(Items from a dataset)
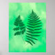 Impresión de una silueta de dos frentes de helecho, en verde esmeralda, contra un fondo de acuarela verde suave de menta
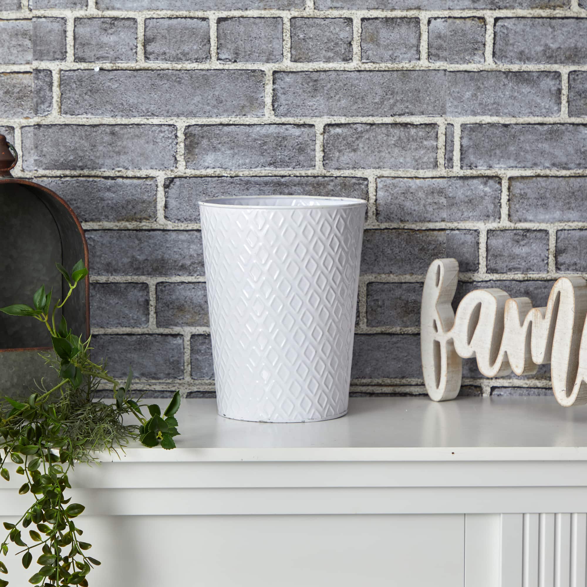 10" White Embossed Tin Planter
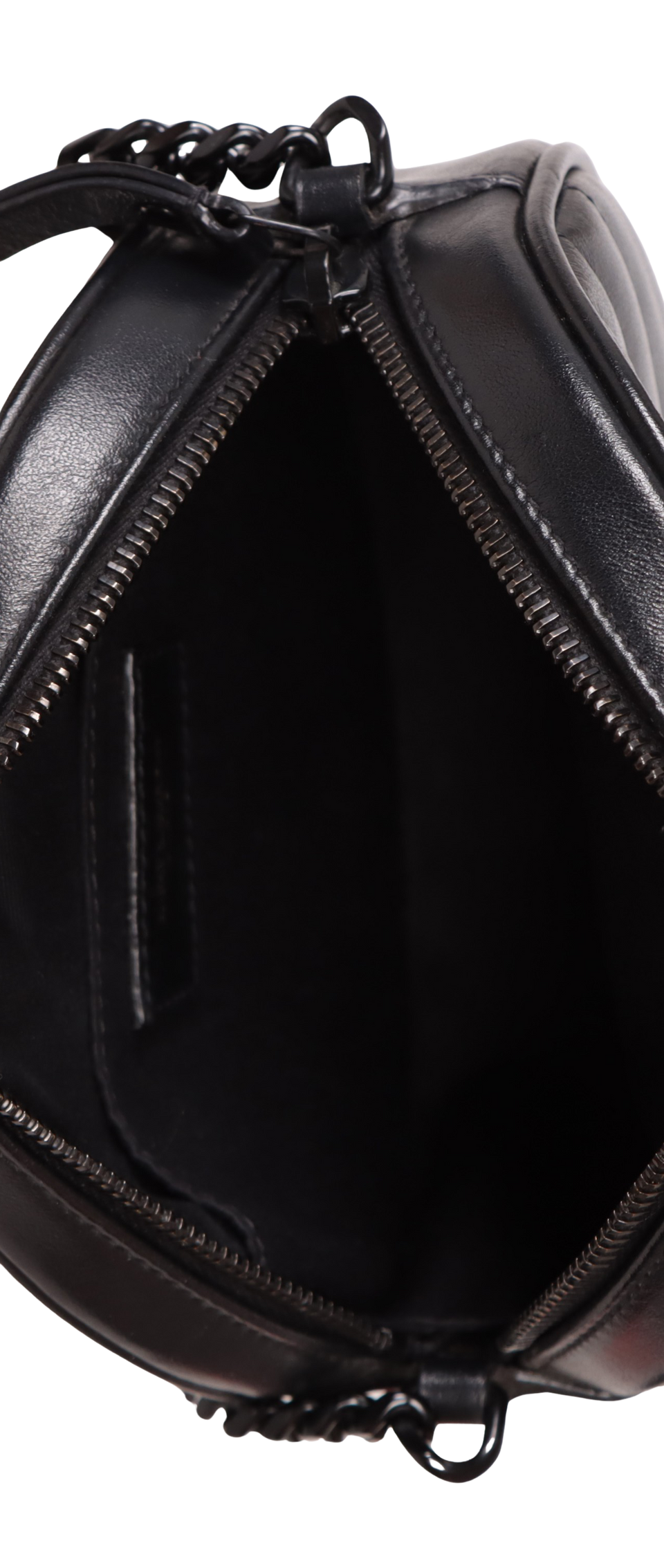 Descrição do Material: Couro calfskin preto com acabamento matelassê chevron
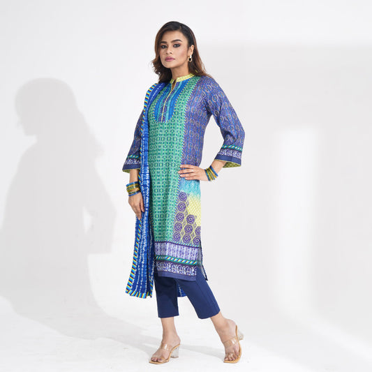 Women Blue Ethnic Three Piece Set
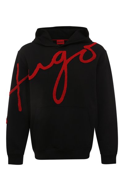Для изготовления черного худи мастера марки использовали мягкий плотный футер с характерной фактурной изнанкой, хорошо сохраняющей тепло. Материал выполнили из отборных волокон органического хлопка, выращенного без применения химических удобрений, загрязняющих грунтовые воды. Дизайнеры бренда, основанного Хуго Фердинандом Боссом, украсили изделие спереди крупным красным логотипом.
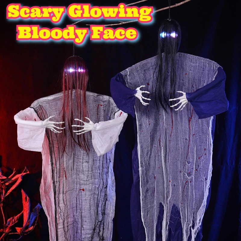 Eng Gloeiend Bloedig Gezicht Hangende Spook Halloween Decoratie Prop Lang Haar Spookhuis Bar Party Griezelige Horror Decoraties
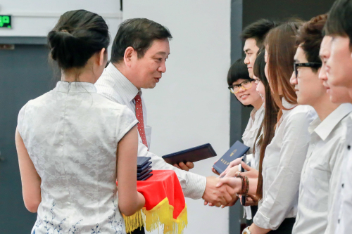 伴着热烈而欢快的音乐,毕业生代表以系部为单位上台接受左斌书记颁发的毕业证书,并合影留念。
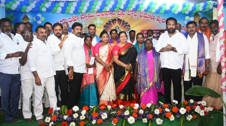 పార్టీ కోసం కష్టపడి పనిచేసి ఆథ్యాత్మిక భావన కలిగిన నాయకులు, కార్యకర్తలకు వివిధ ఆలయ పాలక మండళ్లలో స్థానం కల్పిస్తున్నామని ఎమ్మెల్యే కార్యాలయ ఇంఛార్జ్ కోటంరెడ్డి గిరిధర్ రెడ్డి చెప్పారు. ఈ కార్యక్రమంలో ప్రముఖ దాత అల్తూరు సులోచనమ్మ, నెల్లూరు నగర మేయర్ స్రవంతి, వైసీపి నెల్లూరు నగర అధ్యక్షులు తాటి వెంకటేశ్వర రావు, నెల్లూరు ఏఎంసి ఛైర్మైన్ ఏసు నాయుడు, వైసీపి నెల్లూరు రూరల్ మండల కన్వీనర్ ఇందుపూరు శ్రీనివాసులు రెడ్డి తదితరులు పాల్గొన్నారు.
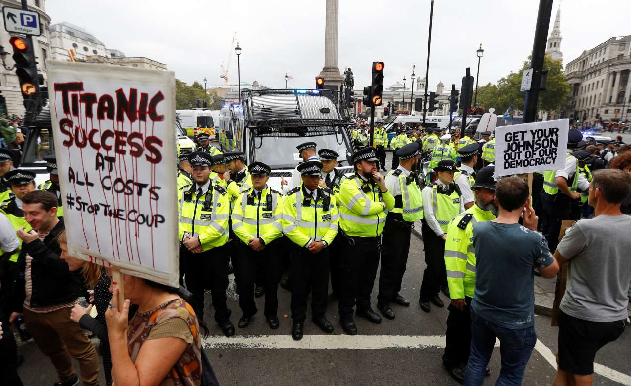 Στους δρόμους δεκάδων πόλεων της Βρετανίας κατέβηκαν εκατοντάδες χιλιάδες πολίτες από το μεσημέρι του Σαββάτου για να διαμαρτυρηθούν για την απόφαση του πρωθυπουργού Μπόρις Τζόνσον να αναστείλει για περίπου πέντε εβδομάδες τη λειτουργία του Κοινοβουλίου ενώ μεγαλώνει όλο και περισσότερο η πιθανότητα για την έξοδο της χώρας από την ΕΕ χωρίς να υπάρχει συμφωνία.
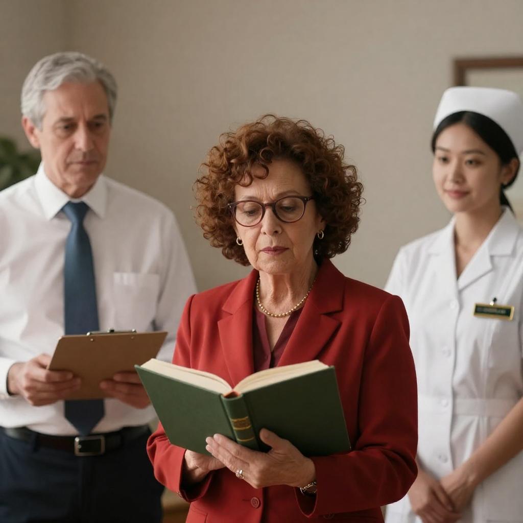 Photograph of two women in a medical setting. Blonde woman with glasses and white shirt, serious expression, foreground. Dark-skinned woman in white lab coat, clipboard, background. Anatomical chart on wall. Blue lighting. Nurse's cap on dark-skinned woman.
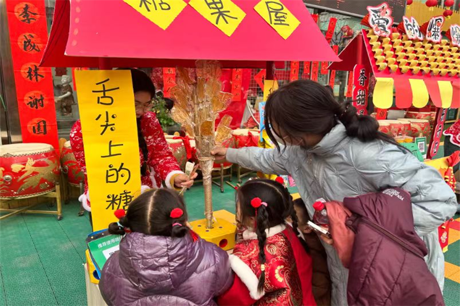 家长和小朋友在美食摊位前购买食品。郭平平摄
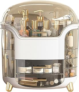 Cosmetic Box, 360 Rotating Large Capacity Makeup Brush Storage Box for Home, Cosmetic Organizer Acrylic Dust Free, Transparent Vertical Makeup Organizer for Vanity (White)
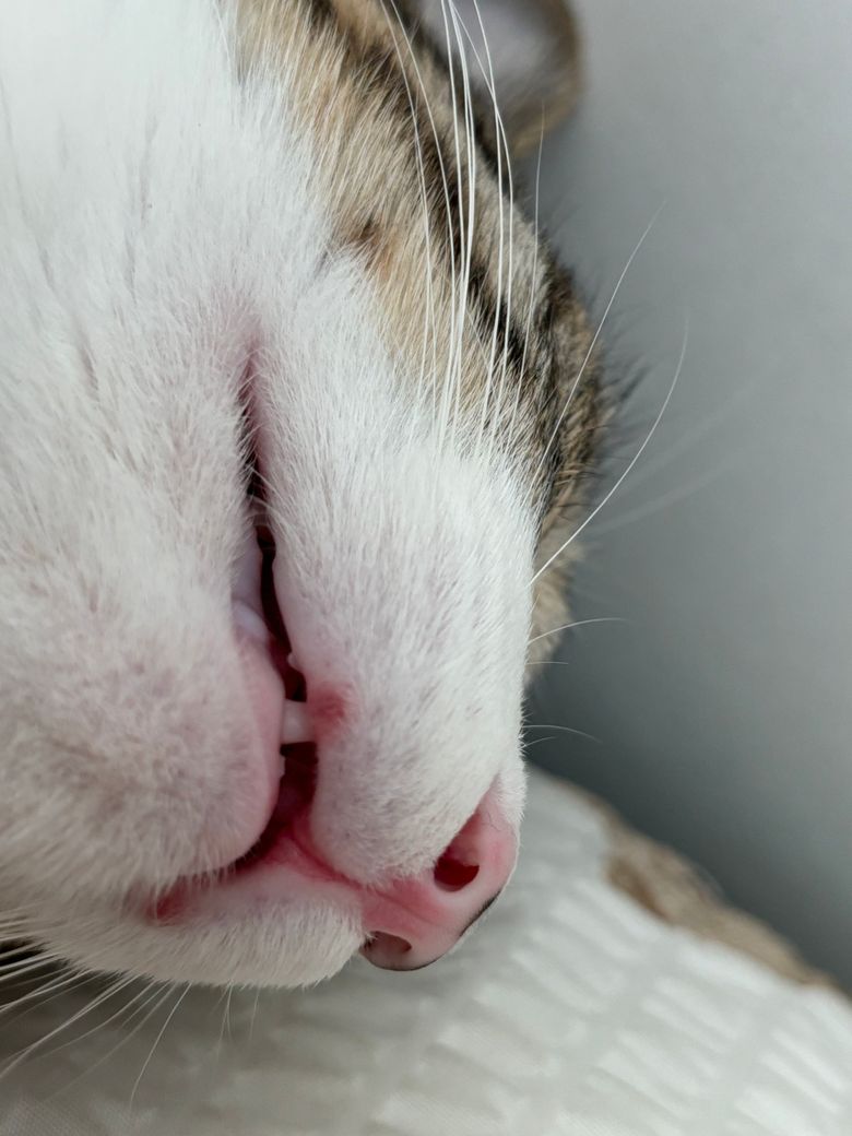 오늘 아침에 자다가 얖에 고양이 얼굴 봤는데 입술 양 옆에 빨간색으로 뭐가 난것처럼 있더라고요ㅜ
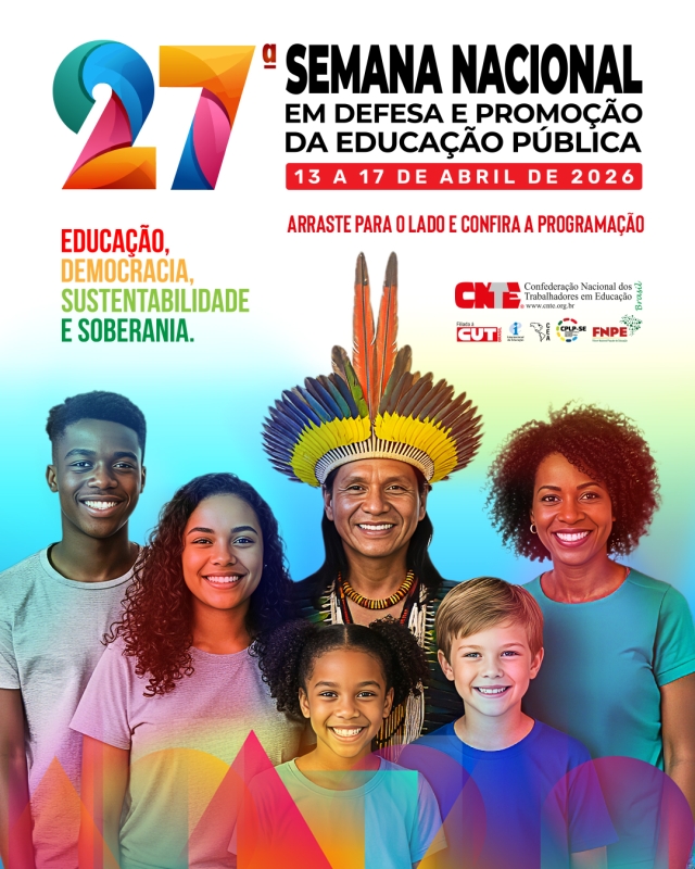 Entre os dias 13 e 17 de abril de 2026, a Confederação Nacional dos Trabalhadores em Educação (CNTE) e os sindicatos filiados a entidade, entre eles o SINTE-PI, promovem a 27ª Semana Nacional em Defesa e Promoção da Educação Pública. O evento reafirma o papel estratégico da escola pública na construção de uma sociedade democrática, soberana, igualitária e sustentável.
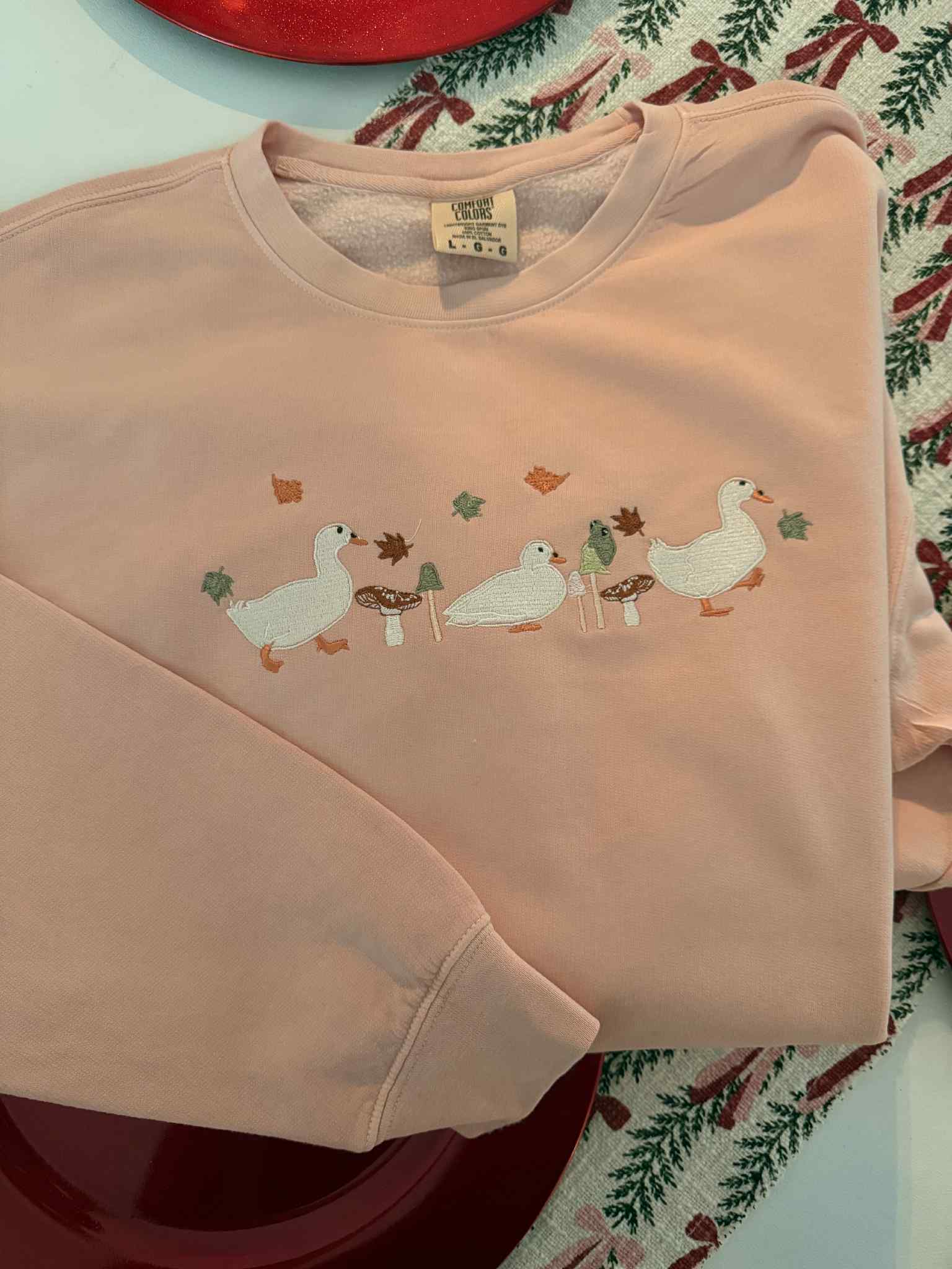 Step into cozy fall charm with our Autumn Duck Parade embroidered shirt! 🦆🍂 Three sweet little ducks march across the chest, surrounded by tumbling autumn leaves, whimsical mushrooms, and the cutest tiny frog tagging along for the adventure.
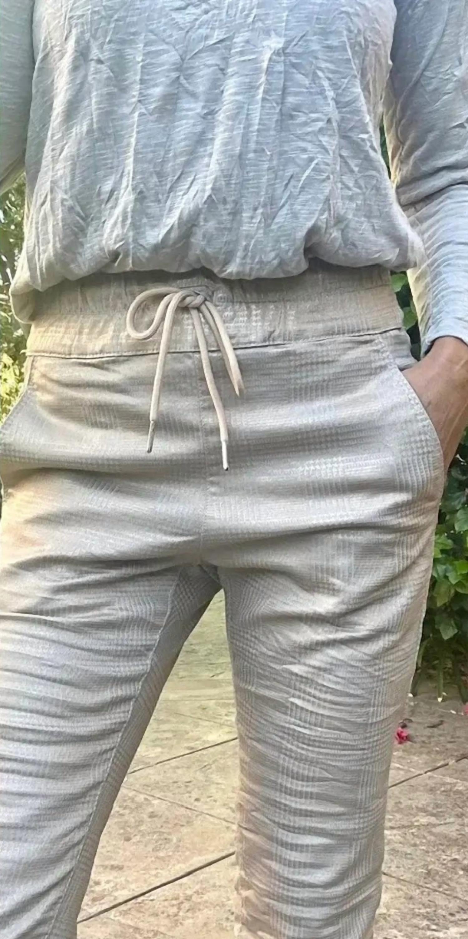 A skinny pant that is both flatering and comfortable. We love this style because it works great with boots, or without! Elevate your vacation style with the Shelly Beige Plaid Pants by BEVY FLOG, designed in a chic gold plaid pattern. These pants boast a high-rise waist with a 10" rise and a 29.5" inseam, promising a slim fit and skinny leg style. Made from a textured cotton blend, they feature convenient pockets and a unique tie closure. Perfect for embracing the Y2K trend this summer, these pants are a versatile addition to any woman's wardrobe.
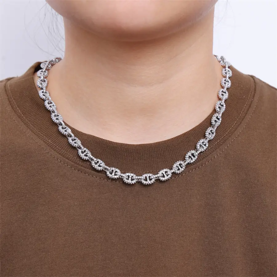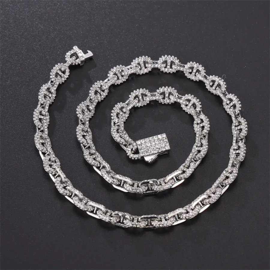 Make a statement with the 8mm Iced-Out Pig Nose Cuban Link Chain, a bold fusion of hip-hop edge and luxury fashion. Featuring the unique pig nose Cuban link design, this necklace is fully encrusted with sparkling diamonds, ensuring maximum shine and impact. Crafted from high-quality alloy, it offers durability while maintaining a trendy, punk-inspired aesthetic. Designed for both men and women, this eye-catching piece is perfect for those who love streetwear, hip-hop fashion, and standout accessories. Whether worn solo or layered, this necklace adds the perfect touch of urban style and attitude.
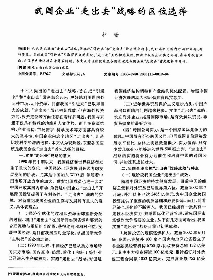 我国企业“走出去”战略的区位选择

Task prompt = Please write the data out again exactly, but do not carry over the pictures.

Output for this task =
 Impresión de una silueta de dos frentes de helecho, en verde esmeralda, contra un fondo de acuarela verde suave de menta
 10" White Embossed Tin Planter
 Descrição do Material: Couro calfskin preto com acabamento matelassê chevron
 Women Blue Ethnic Three Piece Set
Для изготовления черного худи мастера марки использовали мягкий плотный футер с характерной фактурной изнанкой, хорошо сохраняющей тепло. Материал выполнили из отборных волокон органического хлопка, выращенного без применения химических удобрений, загрязняющих грунтовые воды. Дизайнеры бренда, основанного Хуго Фердинандом Боссом, украсили изделие спереди крупным красным логотипом.
 Eng Gloeiend Bloedig Gezicht Hangende Spook Halloween Decoratie Prop Lang Haar Spookhuis Bar Party Griezelige Horror Decoraties
 伴着热烈而欢快的音乐,毕业生代表以系部为单位上台接受左斌书记颁发的毕业证书,并合影留念。
 పార్టీ కోసం కష్టపడి పనిచేసి ఆథ్యాత్మిక భావన కలిగిన నాయకులు, కార్యకర్తలకు వివిధ ఆలయ పాలక మండళ్లలో స్థానం కల్పిస్తున్నామని ఎమ్మెల్యే కార్యాలయ ఇంఛార్జ్ కోటంరెడ్డి గిరిధర్ రెడ్డి చెప్పారు. ఈ కార్యక్రమంలో ప్రముఖ దాత అల్తూరు సులోచనమ్మ, నెల్లూరు నగర మేయర్ స్రవంతి, వైసీపి నెల్లూరు నగర అధ్యక్షులు తాటి వెంకటేశ్వర రావు, నెల్లూరు ఏఎంసి ఛైర్మైన్ ఏసు నాయుడు, వైసీపి నెల్లూరు రూరల్ మండల కన్వీనర్ ఇందుపూరు శ్రీనివాసులు రెడ్డి తదితరులు పాల్గొన్నారు.
 Στους δρόμους δεκάδων πόλεων της Βρετανίας κατέβηκαν εκατοντάδες χιλιάδες πολίτες από το μεσημέρι του Σαββάτου για να διαμαρτυρηθούν για την απόφαση του πρωθυπουργού Μπόρις Τζόνσον να αναστείλει για περίπου πέντε εβδομάδες τη λειτουργία του Κοινοβουλίου ενώ μεγαλώνει όλο και περισσότερο η πιθανότητα για την έξοδο της χώρας από την ΕΕ χωρίς να υπάρχει συμφωνία.
 Photograph of two women in a medical setting. Blonde woman with glasses and white shirt, serious expression, foreground. Dark-skinned woman in white lab coat, clipboard, background. Anatomical chart on wall. Blue lighting. Nurse's cap on dark-skinned woman.
 家长和小朋友在美食摊位前购买食品。郭平平摄
 Cosmetic Box, 360 Rotating Large Capacity Makeup Brush Storage Box for Home, Cosmetic Organizer Acrylic Dust Free, Transparent Vertical Makeup Organizer for Vanity (White)
 오늘 아침에 자다가 얖에 고양이 얼굴 봤는데 입술 양 옆에 빨간색으로 뭐가 난것처럼 있더라고요ㅜ
 Entre os dias 13 e 17 de abril de 2026, a Confederação Nacional dos Trabalhadores em Educação (CNTE) e os sindicatos filiados a entidade, entre eles o SINTE-PI, promovem a 27ª Semana Nacional em Defesa e Promoção da Educação Pública. O evento reafirma o papel estratégico da escola pública na construção de uma sociedade democrática, soberana, igualitária e sustentável.
 Step into cozy fall charm with our Autumn Duck Parade embroidered shirt! 🦆🍂 Three sweet little ducks march across the chest, surrounded by tumbling autumn leaves, whimsical mushrooms, and the cutest tiny frog tagging along for the adventure.
 A skinny pant that is both flatering and comfortable. We love this style because it works great with boots, or without! Elevate your vacation style with the Shelly Beige Plaid Pants by BEVY FLOG, designed in a chic gold plaid pattern. These pants boast a high-rise waist with a 10" rise and a 29.5" inseam, promising a slim fit and skinny leg style. Made from a textured cotton blend, they feature convenient pockets and a unique tie closure. Perfect for embracing the Y2K trend this summer, these pants are a versatile addition to any woman's wardrobe.
 Make a statement with the 8mm Iced-Out Pig Nose Cuban Link Chain, a bold fusion of hip-hop edge and luxury fashion. Featuring the unique pig nose Cuban link design, this necklace is fully encrusted with sparkling diamonds, ensuring maximum shine and impact. Crafted from high-quality alloy, it offers durability while maintaining a trendy, punk-inspired aesthetic. Designed for both men and women, this eye-catching piece is perfect for those who love streetwear, hip-hop fashion, and standout accessories. Whether worn solo or layered, this necklace adds the perfect touch of urban style and attitude.
 我国企业“走出去”战略的区位选择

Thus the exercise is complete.